Ухмылка Отто стала шире. Он раскрыл конверт и вытащил оттуда единственный листок, уже сильно захватанный. «У них есть наше письмо от пятьдесят первого года. Они отыскали его. И наше что‑то, с подписями обоих. Твоей и моей».

— Все это в прошлом, — сказала Мария. — Можешь забыть об этом. — Но ее голос дрогнул.

Отто засмеялся. Его язык был оранжевым от слизанной крови. Не поворачиваясь, Леонард спросил:

— Мария, что происходит?

— Он считает, что у него есть право на эту квартиру. Мы подавали заявление, когда были еще женаты. Он уже два года старается.

Это вдруг показалось Леонарду решением проблемы. Пусть Отто живет здесь, а они вдвоем переберутся на Платаненаллее, где он никогда не найдет их. Скоро они поженятся, им ни к чему две квартиры. И они больше никогда не увидят Отто. Чудесно.

Но Мария, будто прочтя его мысли или желая предупредить их, уже выплевывала слова:

— У него есть где жить, у него есть комната. Все это, только чтобы навредить мне. Он до сих пор думает, что я его собственность, в этом все дело.

Отто терпеливо слушал. Его взгляд был прикован к пепельнице, он ждал удобного момента.

— Это моя квартира, — говорила ему Мария. — Она моя! И кончен разговор. А теперь убирайся.

Они могли бы уложить вещи часа за три, думал Леонард. Все пожитки Марии можно увезти на двух такси. Еще до рассвета они окажутся в безопасности у него дома. И, несмотря на усталость, с триумфом завершат празднество.

Отто щелкнул по документу пальцем. «Прочти его. Посмотри сама». Он сделал еще полшага вперед. Леонард подвинулся к нему. Но может быть, Марии стоит прочесть эту бумагу?

— Ты не сказал им, что мы разведены, — ответила Мария. — Поэтому они думают, что у тебя есть право.

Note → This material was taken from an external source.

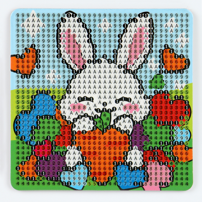 С помощью специального карандаша вам нужно разложить стразы по нарисованной схеме с обозначением необходимых цветов.

Отто был в восторге. «Но они знают. Знают. Нам надо явиться вместе туда‑то и туда‑то, там решат, кто больше нуждается». Он взглянул на Леонарда, потом снова мимо него на Марию. «У англичанина есть жилье, а у тебя кольцо. Там‑то и там‑то захотят разобраться в этом».

— Он переедет сюда, — сказала Мария. — И конец делу.

На этот раз Отто выдержал взгляд Леонарда. Немец уже не казался таким заморенным и пьяным, он точно стал сильнее, увереннее в себе. Он считал, что побеждает. Он заговорил с улыбкой.

— Ne, ne. Die Platanenallee 26 ware besser fur euch (Нет уж. На Платаненаллее, 26, вам получше будет).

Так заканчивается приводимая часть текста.